> _EXERCISE PROMPT_
Only the pictures should be dropped; copy the rest of the entries exactly.

> _PROVIDED RECORDS_
# # # # # # #
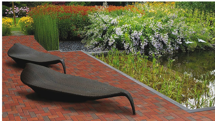
ΚΥΒΟΛΙΘΟΣ KLINKER, ΑΠΟΛΥΤΑ ΕΝΑΡΜΟΝΙΣΜΕΝΟΣ ΜΕ ΤΟ ΦΥΣΙΚΟ ΠΕΡΙΒΑΛΛΟΝ.

Η ενασχόληση της ACM με τα πλακίδια klinker και cotto αρχίζει με τη συνεργασία της με την εταιρεία ΟΞΥΜΑΧΟΝ, την πρώτη ελληνική εταιρεία, που το 1998 παρήγαγε το κεραμικό πλακίδιο klinker για βιομηχανικούς χώρους, για γενική χρήση και τους klinker κυβόλιθους. Μετά το κλείσιμο της ΟΞΥΜΑΧΟΝ και την ενδελεχή έρευνα αγοράς στον ευρωπαϊκό χώρο, η ACM ξεκίνησε τη συνεργασία της με το γερμανικό οίκο INTERBAU-BLINK και έγινε ο αποκλειστικός αντιπρόσωπος στο βιομηχανικό πλακίδιο klinker για τη Νότια Ελλάδα μέχρι και σήμερα. Επίσης, εισάγει το klinker πλακίδιο γενικής χρήσης, τους klinker κυβόλιθους της ABC και τα cotto πλακίδια της SANNINI.
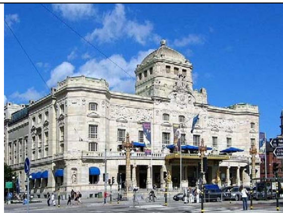
Кралският театър в Стокхолм (сградата от 1908)

Ако погледнем архитектурно и сравним новата сграда на театъра в Стокхолм, строена през 1908 г., с театъра в Русе, строен десет години по-рано (в 1898 г), не бихме казали че нашият театър отстъпва. Една от невидимите разлики е процентът от прихода на Стокхолм даден за тази постройка, сравнен с процента от прихода на Русе. Зад тази огромна разлика обаче стои възделението на русенлии, което е сигурно толкова пъти в повече в полза на България. Бай-Ганювци има навсякъде по света, но такива хора не могат да желаят подобна сграда и духовен възход. Невероятното поколение на нашите деди и прадеди е постигнало това благодарение на волята и мечтите си. Едно поколение, което е можело да мечтае нависоко, независимо от трудните времена, в които е живеело.
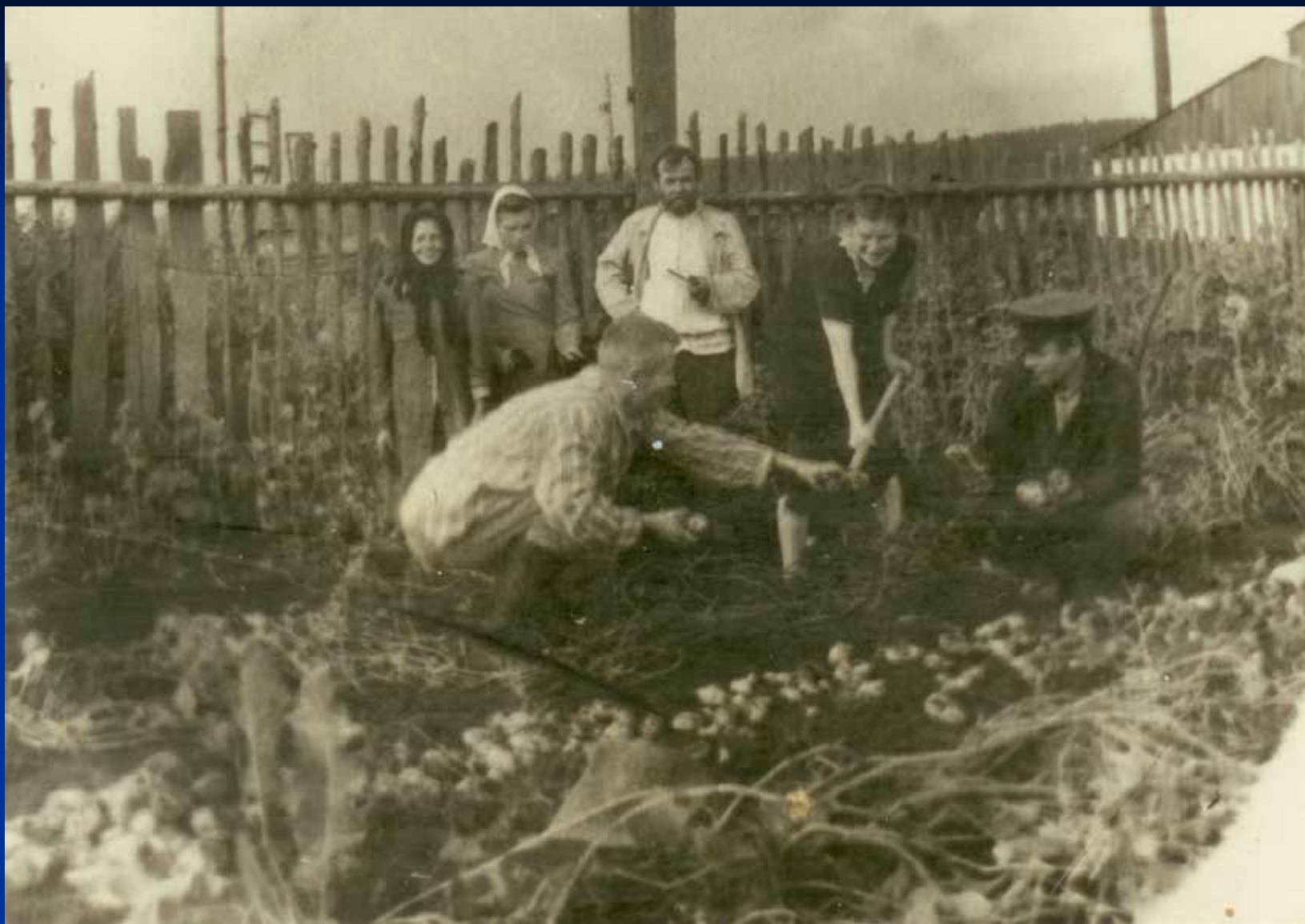
На родительском огороде
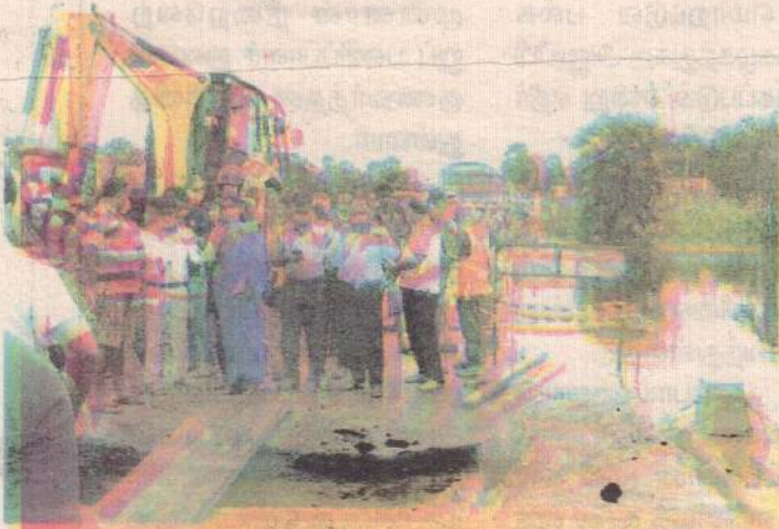
இரவாக மேற்கொண்டும் வேகமான நிரோட்டி போதும் 75 வீதமான மக்கள் இடம்பெயர்ந்துள்ளனர். பிரதான வீதியில் அமைக்க கோள் விடுத்தனர். அத்துடன் கடும் மழை மற்றும் கல்வெட்டு

மன்னார், டிசெ.2 தலைமன்னார் ஏ-14 பிரதான வீதியில் அமைக்கப்பட்டிருந்த கல்வெட்டு உடைந்தமையால் போக்குவரத்துத் தடைபட்டுள்ளது. இதனையடுத்து வீதி அபிவிருத்தி அதிகாரசபை தற்காலிகமாக போக்குவரத்தைச் சீர் செய்வதற்கு நடவடிக்கை எடுத்துள்ளது. பேசாலை கிராமத்தில் கட்டுமையான மழையிலும், இளைஞர்கள் வாய்க்கால் களை வெட்டி நீரைக் கடலுக்குள் வெளியேற்றுவதற்கான முயற்சியில் இரவு
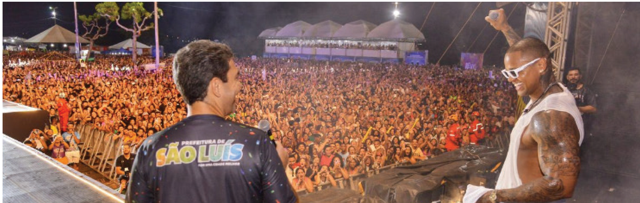
Shows de Léo Santana no Pré-Carnaval da Prefeitura de São Luís levou mais de 200 mil pessoas ao 'Centro Histórico'. No Carnaval é esperado publico semelhante ou superior no show do DJ Alok. Mas, greve ameaça folia na "Cidade do Carnaval"
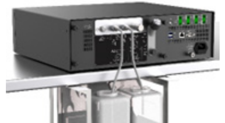
외부 유체 저장소 확장
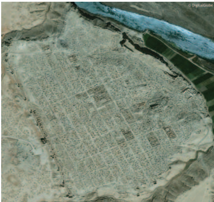
Fig. 6 : Vue rapprochée de l'image satellite précédente du 11 avril 2015. Le nord est en haut.

Aujourd'hui, il est possible que les pillards aient porté à Doura-Europos un coup qui pourrait lui être fatal (Fig. 5 et 6). Récemment, le site a connu une nouvelle forme de violence : le vol systématique de son sous-sol pour en arracher des trésors archéologiques. Des images prises sur place nous ont permis de constater que, dès 2012, la maison de fouilles destinée à héberger les missions archéologiques a été vandalisée et vidée, et que le musée de site, inauguré en 2005, a également été vidé, ses portes arrachées, ses vitrines cassées. En 2013, des pillages ont été opérés de manière systématique sur l'ensemble du site, qui a alors vu sa surface transformée en une série de cratères juxtaposés, correspondant
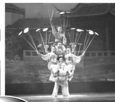
上海雑技団の素晴らしいショー
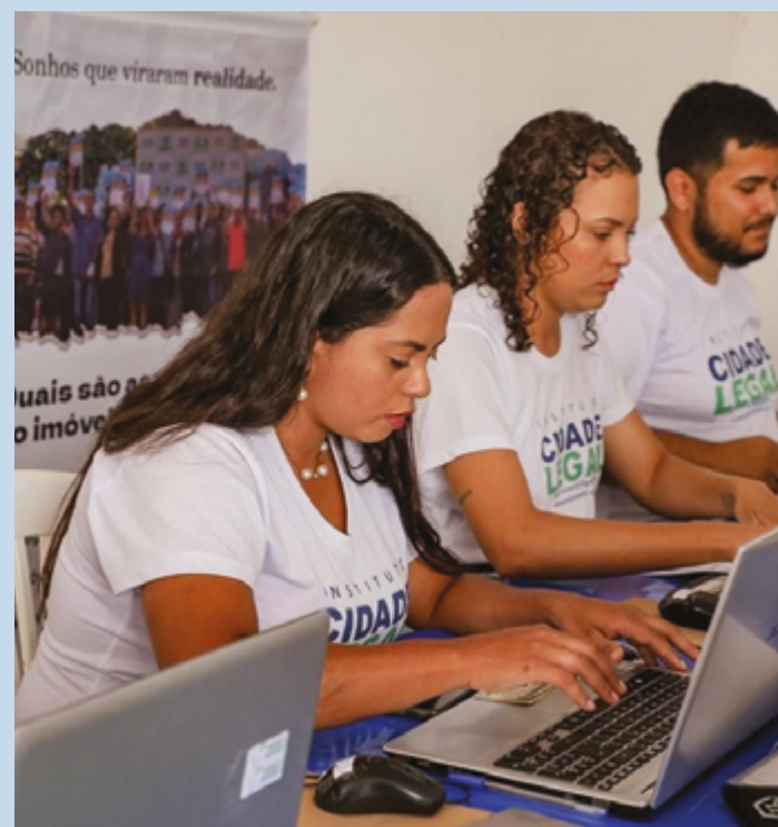
Regularização Fundiária Social já realizou mais de 2,8 mil atendimentos

Estão aptos a participar do processo moradores que ocuparam áreas irregulares até 2016 cuja renda familiar mensal não ultrapasse cinco salários mínimos. Ao fim do processo, a família recebe, sem custos, a Certidão de Regularização Fundiária. Para ser contemplada com a Reurb-S, a família não pode ter participado de nenhum programa habitacional, a exemplo do Meu Lote, Minha História, atualmente em andamento no município. A Prefeitura fará o levantamento cadastral das unidades imobiliárias e a atualização dos dados socioeconômicos das famílias. Além dos mutirões de cadastro, será feito agendamento para visita e uma equipe irá a cada local para aferição de dados.
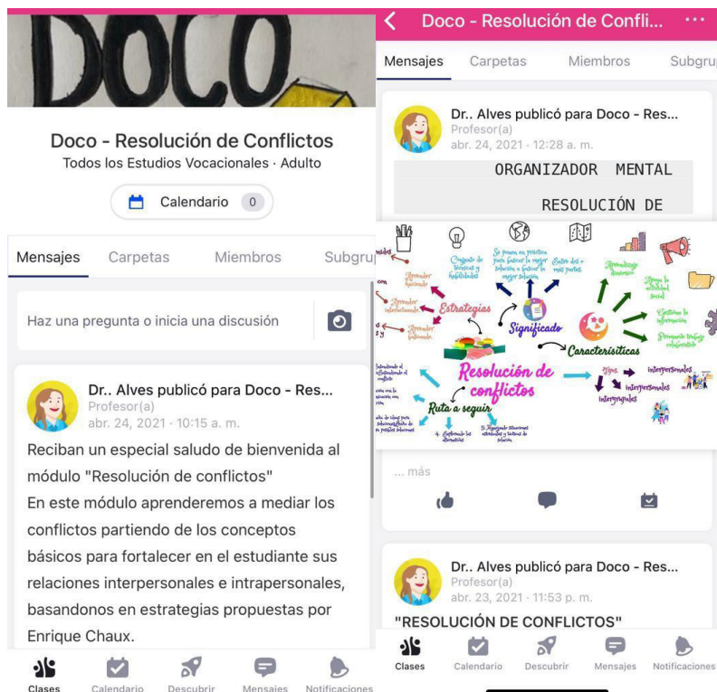
Figura 1. Vista general plataforma DOCO
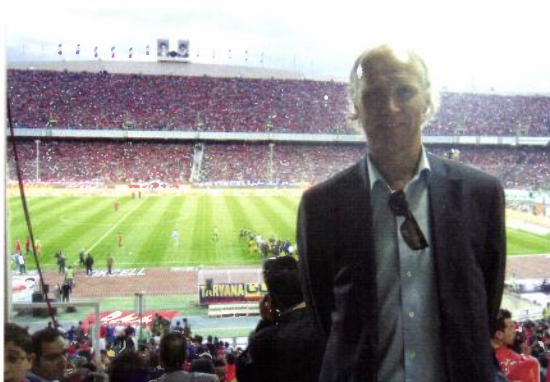
Fra den iranske cupfinalen 2012 Persepolis-Sepahan.

Jeg fikk også med meg den iranske cupfinalen i fjor høst med 100.000 på tribunen og enorm stemning. Persepolis tapte etter ekstraomganger og straffer, men det var en stor opplevelse. Jeg har hatt samtaler med fotballpresidenten for å prøve å få treningskamp mot Norge og om et samarbeid mellom Norges Fotballforbund og det iranske fotballforbundet om opplæring av trenere for kvinnefotball. To ganger i året kommer norske trenere til Iran for å lære opp iranske kvinnelige trenere.
# # # # # # #
> _RESPONSE TO THE TASK_
ΚΥΒΟΛΙΘΟΣ KLINKER, ΑΠΟΛΥΤΑ ΕΝΑΡΜΟΝΙΣΜΕΝΟΣ ΜΕ ΤΟ ΦΥΣΙΚΟ ΠΕΡΙΒΑΛΛΟΝ.

Η ενασχόληση της ACM με τα πλακίδια klinker και cotto αρχίζει με τη συνεργασία της με την εταιρεία ΟΞΥΜΑΧΟΝ, την πρώτη ελληνική εταιρεία, που το 1998 παρήγαγε το κεραμικό πλακίδιο klinker για βιομηχανικούς χώρους, για γενική χρήση και τους klinker κυβόλιθους. Μετά το κλείσιμο της ΟΞΥΜΑΧΟΝ και την ενδελεχή έρευνα αγοράς στον ευρωπαϊκό χώρο, η ACM ξεκίνησε τη συνεργασία της με το γερμανικό οίκο INTERBAU-BLINK και έγινε ο αποκλειστικός αντιπρόσωπος στο βιομηχανικό πλακίδιο klinker για τη Νότια Ελλάδα μέχρι και σήμερα. Επίσης, εισάγει το klinker πλακίδιο γενικής χρήσης, τους klinker κυβόλιθους της ABC και τα cotto πλακίδια της SANNINI.
Кралският театър в Стокхолм (сградата от 1908)

Ако погледнем архитектурно и сравним новата сграда на театъра в Стокхолм, строена през 1908 г., с театъра в Русе, строен десет години по-рано (в 1898 г), не бихме казали че нашият театър отстъпва. Една от невидимите разлики е процентът от прихода на Стокхолм даден за тази постройка, сравнен с процента от прихода на Русе. Зад тази огромна разлика обаче стои възделението на русенлии, което е сигурно толкова пъти в повече в полза на България. Бай-Ганювци има навсякъде по света, но такива хора не могат да желаят подобна сграда и духовен възход. Невероятното поколение на нашите деди и прадеди е постигнало това благодарение на волята и мечтите си. Едно поколение, което е можело да мечтае нависоко, независимо от трудните времена, в които е живеело.
На родительском огороде
இரவாக மேற்கொண்டும் வேகமான நிரோட்டி போதும் 75 வீதமான மக்கள் இடம்பெயர்ந்துள்ளனர். பிரதான வீதியில் அமைக்க கோள் விடுத்தனர். அத்துடன் கடும் மழை மற்றும் கல்வெட்டு

மன்னார், டிசெ.2 தலைமன்னார் ஏ-14 பிரதான வீதியில் அமைக்கப்பட்டிருந்த கல்வெட்டு உடைந்தமையால் போக்குவரத்துத் தடைபட்டுள்ளது. இதனையடுத்து வீதி அபிவிருத்தி அதிகாரசபை தற்காலிகமாக போக்குவரத்தைச் சீர் செய்வதற்கு நடவடிக்கை எடுத்துள்ளது. பேசாலை கிராமத்தில் கட்டுமையான மழையிலும், இளைஞர்கள் வாய்க்கால் களை வெட்டி நீரைக் கடலுக்குள் வெளியேற்றுவதற்கான முயற்சியில் இரவு
Shows de Léo Santana no Pré-Carnaval da Prefeitura de São Luís levou mais de 200 mil pessoas ao 'Centro Histórico'. No Carnaval é esperado publico semelhante ou superior no show do DJ Alok. Mas, greve ameaça folia na "Cidade do Carnaval"
외부 유체 저장소 확장
Fig. 6 : Vue rapprochée de l'image satellite précédente du 11 avril 2015. Le nord est en haut.

Aujourd'hui, il est possible que les pillards aient porté à Doura-Europos un coup qui pourrait lui être fatal (Fig. 5 et 6). Récemment, le site a connu une nouvelle forme de violence : le vol systématique de son sous-sol pour en arracher des trésors archéologiques. Des images prises sur place nous ont permis de constater que, dès 2012, la maison de fouilles destinée à héberger les missions archéologiques a été vandalisée et vidée, et que le musée de site, inauguré en 2005, a également été vidé, ses portes arrachées, ses vitrines cassées. En 2013, des pillages ont été opérés de manière systématique sur l'ensemble du site, qui a alors vu sa surface transformée en une série de cratères juxtaposés, correspondant
上海雑技団の素晴らしいショー
Regularização Fundiária Social já realizou mais de 2,8 mil atendimentos

Estão aptos a participar do processo moradores que ocuparam áreas irregulares até 2016 cuja renda familiar mensal não ultrapasse cinco salários mínimos. Ao fim do processo, a família recebe, sem custos, a Certidão de Regularização Fundiária. Para ser contemplada com a Reurb-S, a família não pode ter participado de nenhum programa habitacional, a exemplo do Meu Lote, Minha História, atualmente em andamento no município. A Prefeitura fará o levantamento cadastral das unidades imobiliárias e a atualização dos dados socioeconômicos das famílias. Além dos mutirões de cadastro, será feito agendamento para visita e uma equipe irá a cada local para aferição de dados.
Figura 1. Vista general plataforma DOCO
Fra den iranske cupfinalen 2012 Persepolis-Sepahan.

Jeg fikk også med meg den iranske cupfinalen i fjor høst med 100.000 på tribunen og enorm stemning. Persepolis tapte etter ekstraomganger og straffer, men det var en stor opplevelse. Jeg har hatt samtaler med fotballpresidenten for å prøve å få treningskamp mot Norge og om et samarbeid mellom Norges Fotballforbund og det iranske fotballforbundet om opplæring av trenere for kvinnefotball. To ganger i året kommer norske trenere til Iran for å lære opp iranske kvinnelige trenere.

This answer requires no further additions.